Sennonché, rilevo in ambito ebraico un indirizzo del tutto opposto perché, a fronte della solidarietà, doverosa, con le minoranze etniche e di ogni altro tipo, il riferimento agli ebrei riguarda il passato anziché il presente. Facciamo riferimento alla definizione di antisemitismo dell’IHRA. Il 16 Marzo scorso si leggeva sul sito parlamentare del M5S: “I crescenti episodi di antisemitismo nel nostro Paese e in Europa destano molta preoccupazione e sdegno.

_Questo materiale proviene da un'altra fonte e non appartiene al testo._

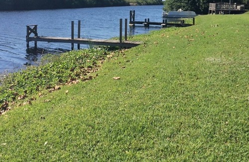 The community sits on a canal and there is a boat ramp and fish cleaning station for community use at the end of our street. Although there is lake access it is a little circuitous. Most people take their boats 4 miles down 78 to Harney Pond, where there is a big boat launch with docks. Harney is just opposite Reservation Road. There is Beck’s convenience store (with fishing supplies) at that corner, along with the Duck Pub (good food and dive bar) as well as the best BBQ food truck on the weekends — Essie Mae’s Old South BBQ at the corner of 78 and 721. We are also close to a Dollar General and just down the street from the Aruba Bar & Grill!

È urgente che anche l’Italia, come già altri paesi europei hanno fatto, adotti immediatamente la definizione di antisemitismo diffusa dall’International Holocaust Remembrance Alliance – IHRA. Lo ha dichiarato Paolo Lattanzio, portavoce del MoVimento 5 Stelle alla Camera dei Deputati, in una interrogazione parlamentare rivolta al ministro per le .Attività e per i beni culturali, Alberto Bonisoli”.

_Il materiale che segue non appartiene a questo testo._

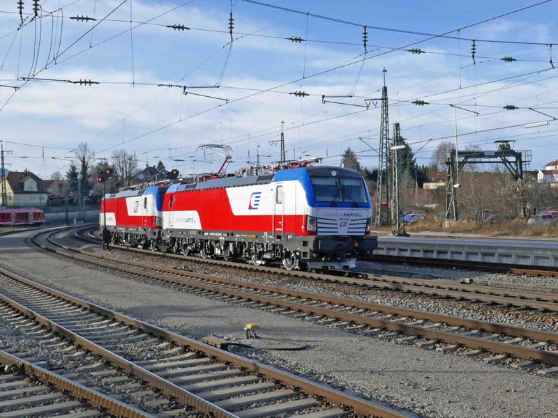 ![]() Traunstein, 20.12.2019: 193 915 von Serbia Cargo fährt mit der abgebügelten 193 916 Serbia Cargo auf Gleis 3 in den Bahnhof Traunstein ein. Damit sind diese noch fehlenden Lokomotiven unterwegs in ihre neue Heimat. |

Eppure, nulla si è ottenuto, malgrado l’esistenza di un mondo istituzionale ebraico corredato da un secondo mondo associativo ebraico. Il perché è presto detto; per timore di apparire come portatore di propri interessi, si subordinano le istanze dell’ebraismo a tutte le altre. Questo si è pure detto, laddove il linguaggio è stato tanto felpato quanto chiaro: “siate aperti”. Difendere, come tutti, il proprio diritto all’incolumità morale e materiale ci renderebbe chiusi e, di conseguenza, antipatici. Era la stessa alternativa degli anni trenta; come è andata a finire?